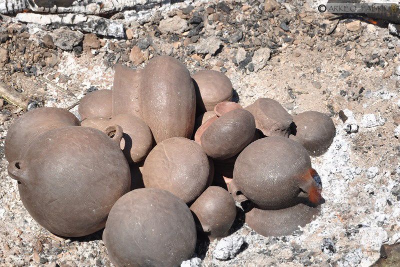 Les poteries cuites avaient été réalisées quelques semaines, voire quelques jours auparavant, sur le site de Bougon, en démonstration auprès du public. La cuisson a donc été l’aboutissement logique de cette session de démonstrations autour des techniques de la céramique pré et protohistorique.
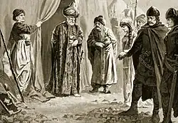 As early as 1371 when Ivan Alexander died and Ivan Shishman inherited the throne, in the capital Tarnovo arrived ambassadors from the Ottoman Sultan Murad I to arrange his relations with the new Emperor of Bulgaria. The Sultan who was obviously familiar with the beauty of Kera Tamara and the fact that she was a widow demanded her to become his wife as a guarantee for the peace between the two counties.[2] Ivan Shishman managed to divert his demand and prolonged his decision for seven years. On that occasion an anonymous Bulgarian chronicle from the 15th century records:
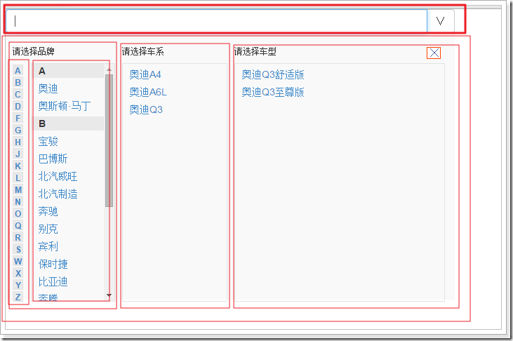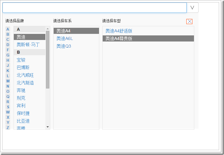 #carcategory-picker-outer { background: #f9f9f9; padding: 10px; width: 640px; height: 380px; position: relative; display: none;}#PreLetter { border: 0px solid blue; width: 21px; float: left;}#PreLetter a:link{ display: block; text-decoration: none; clear: both; font-size: 10px; text-align: center; padding-top: 0px; border: 1px solid #e3e3e3; width: 15px; height: 15px; background-color: #e9e9e9; margin-top: 2px; font-weight: bold;}#PreLetter a:hover { border: 1px solid blue;}#PreLetter a:visited { border: 1px solid #e3e3e3;}#pinpai { border: 0px solid green; float: left;}#AllPinPai { border: 1px solid #e3e3e3; margin-left: 5px; float: left; padding-bottom: 0px; width: 120px; height: 340px; overflow-y: auto;}#AllPinPai dl dd a { text-decoration: none; display: block; padding-left: 10px;}#AllPinPai dl dd { padding-left: 0px;}#AllPinPai dl dd a:hover { /*background-color: gray;*/ color: white;}#AllPinPai dl { margin-bottom: 5px;}#chexi { border: 0px solid orange; float: left; margin-left: 10px; display: none;}#AllCheXi { width: 150px; height: 340px; overflow-y: auto; border: 1px solid #e3e3e3;}#AllCheXi dl dd a { text-decoration: none; display: block; padding-left: 10px;}#AllCheXi dl dd { padding-left: 0px;}#AllCheXi dl dd a:hover { color: white;}#AllCheXi dl { margin-bottom: 5px;}#chexin { border: 0px solid red; float: left; margin-left: 10px; display: none;}#AllCheXing { width: 300px; height: 340px; overflow-y: auto; border: 1px solid #e3e3e3; }#AllCheXing dl dd a { text-decoration: none; display: block; padding-left: 10px;}#AllCheXing dl dd { padding-left: 0px;}#AllCheXing dl dd a:hover { background-color: gray; color: white;}#AllCheXing dl { margin-bottom: 5px;}dt { background-color: #e9e9e9; padding-left: 10px;}dl { border: 0px solid red;}dd { padding-left: 10px; line-height: 15px; margin-top: 5px; margin-bottom: 0px; border: 0px solid blue; /*background-color: gray;*/}.selected { background-color: gray; color: white;}.cancel { width: 20px; height: 17px; position: absolute; display: block; top: 20px; right: 20px; background-image: url("../img/close.png"); border: 1px solid orangered; background-color: orangered;}.input-group { width: 640px;}以上就是這篇文章的全部內容了,希望本文的內容對大家的學習或者工作具有一定的參考學習價值,謝謝大家對的支持。如果你想了解更多相關內容請查看下面相關鏈接
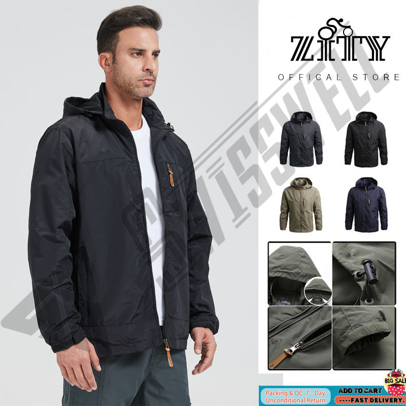 Packable Hiking Rain Jacket Waterproof & Windproof Outer Shell with Adjustable Hood
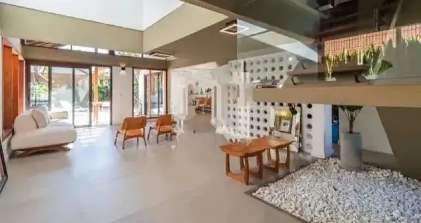 Porteira fechada. Completamente reformada para proprietários morarem. Ambientes totalmente integrados, com conceito minimalista. Projeto com muita luz natural na casa toda. Pé direito alto na área social e nos quartos. Sala de TV que flutua em um mezanino. Maravilhosa área de lazer, com belo paisagismo.
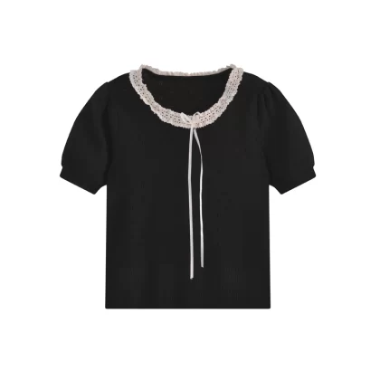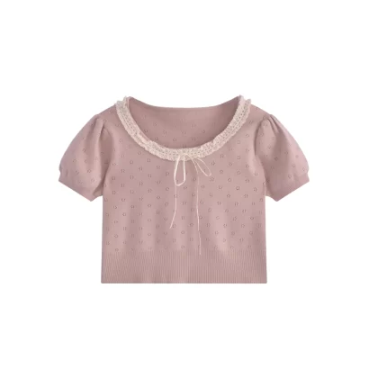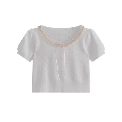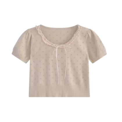 | nameOriginal | Women's summer bow knitted sweater top with puff sleeves |
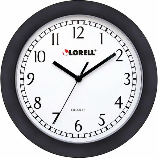 Lorell 9" Round Wall Clock - Analog - Quartz - White Main Dial - Black/Plastic Case
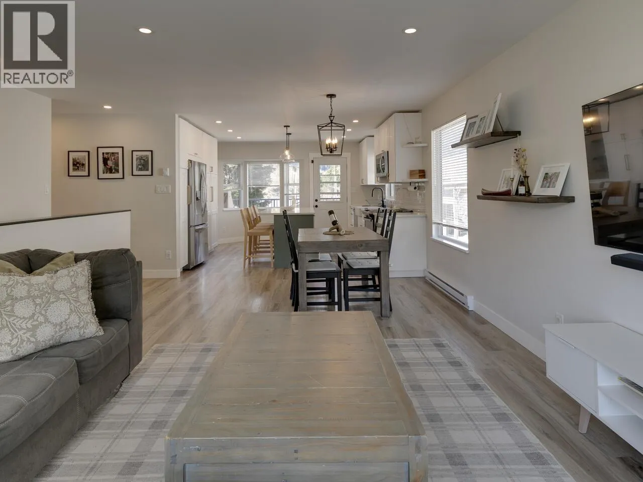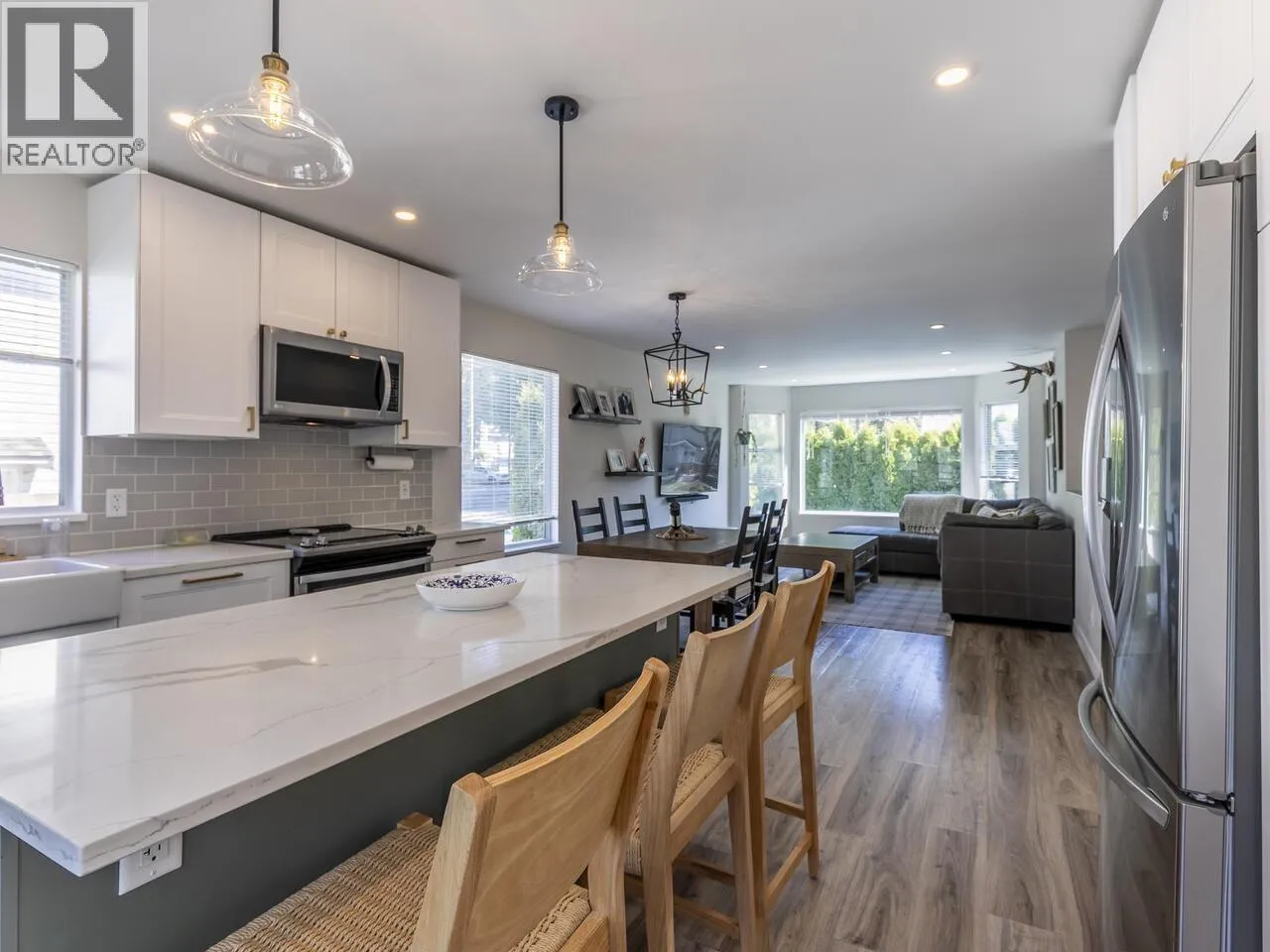 The best Brackendale homes just feel right the moment you walk in. This one opens into a thoughtfully designed custom kitchen built for everyday living and entertaining – quartz island, farmhouse sink, seamlessly open to the living room. Both bathrooms are fully renovated with heated tile floors. The primary bedroom has a walk-in closet and steps out to a private
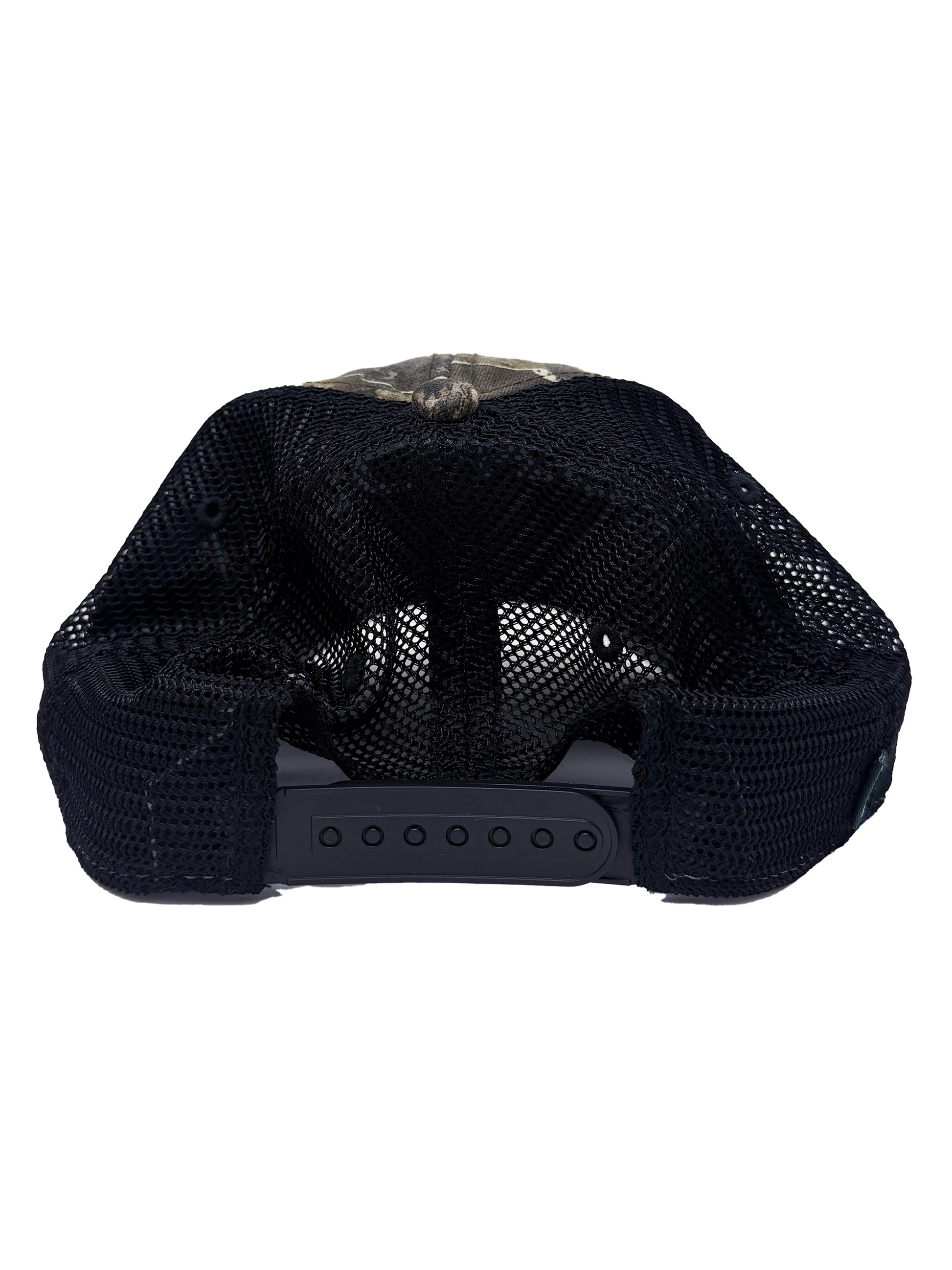 This mesh snapback trucker hat features a camouflage print and a leather Rhode Island patch detailed with crossed fish hooks—a perfect blend of rugged style and coastal pride.
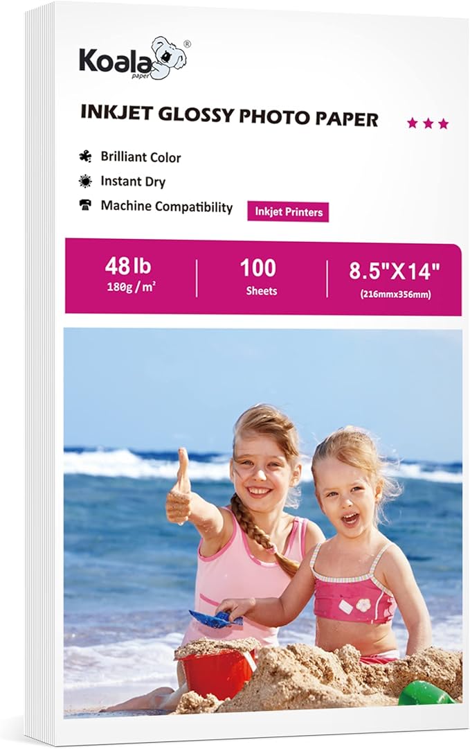 Koala Glossy Inkjet Photo Paper 8.5X14 Inches 48lb 100 Sheets Professional Glossy Photographic Paper Compatible with Inkjet Printer Use DYE INK 180gsm Legal Size
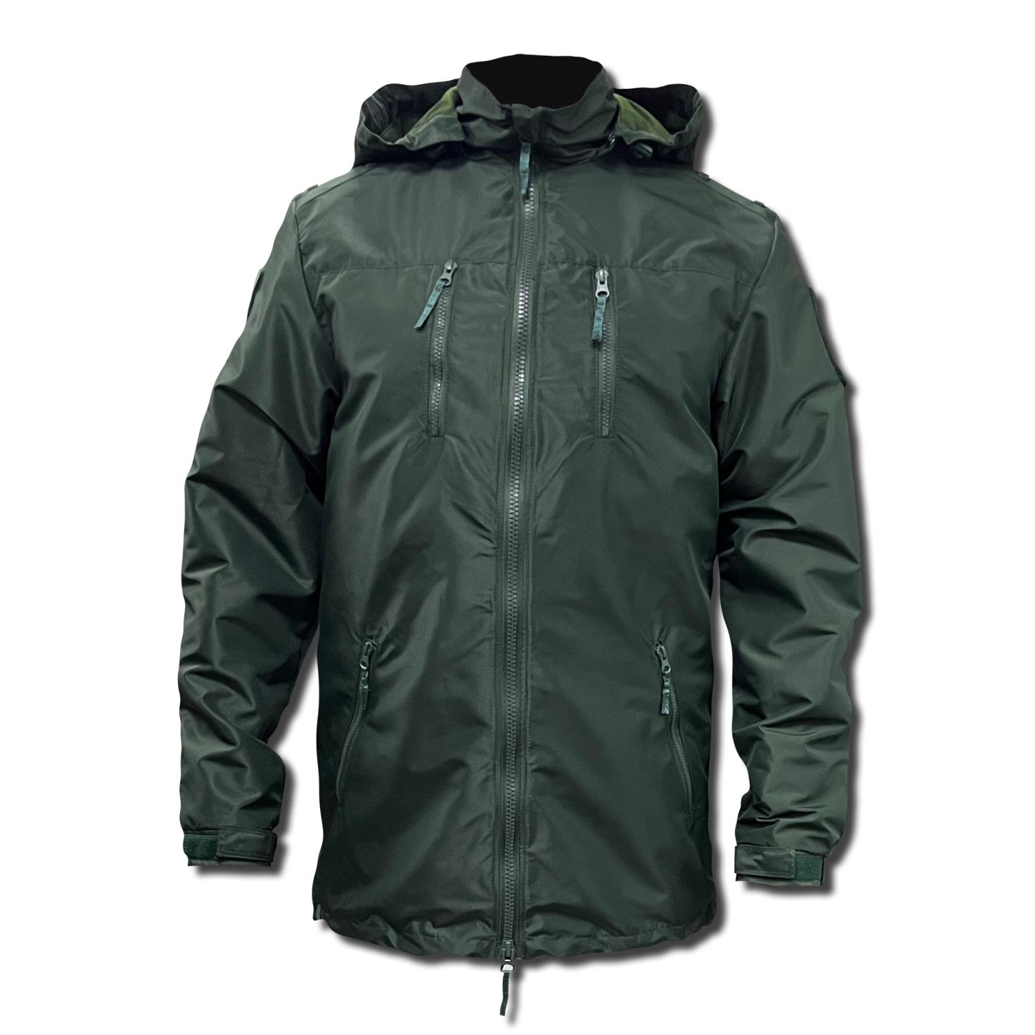 Карманы: 2 нагрудных и 2 боковых кармана на разъемной молнии, один внутренний — на пуговице.
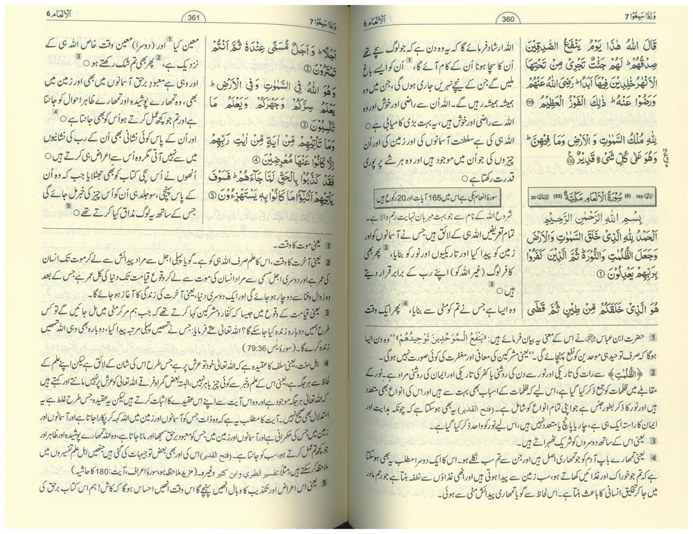 Tafseer Ahsan-ul-Bayan with Arabic Quran Text on right, Urdu translation on the left and tafsir on bottom as footnotes.
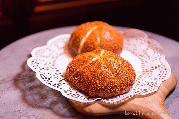 最後一道菜是超特別的上海麻餅,原本我聽名字還以為是類似煎餅之類的,結果一上菜大家驚呼連連!好美好香!猛一看還以為是烤麵包呢~
--- --- ---
§ AIM OF THE TASK
Starting at the line that holds "Карманы: 2 нагрудных", retype every line through the end of the data, both ends included. Pictures stay out of the copy.

§ SOLUTION BELOW
 Карманы: 2 нагрудных и 2 боковых кармана на разъемной молнии, один внутренний — на пуговице.
 Tafseer Ahsan-ul-Bayan with Arabic Quran Text on right, Urdu translation on the left and tafsir on bottom as footnotes.
 最後一道菜是超特別的上海麻餅,原本我聽名字還以為是類似煎餅之類的,結果一上菜大家驚呼連連!好美好香!猛一看還以為是烤麵包呢~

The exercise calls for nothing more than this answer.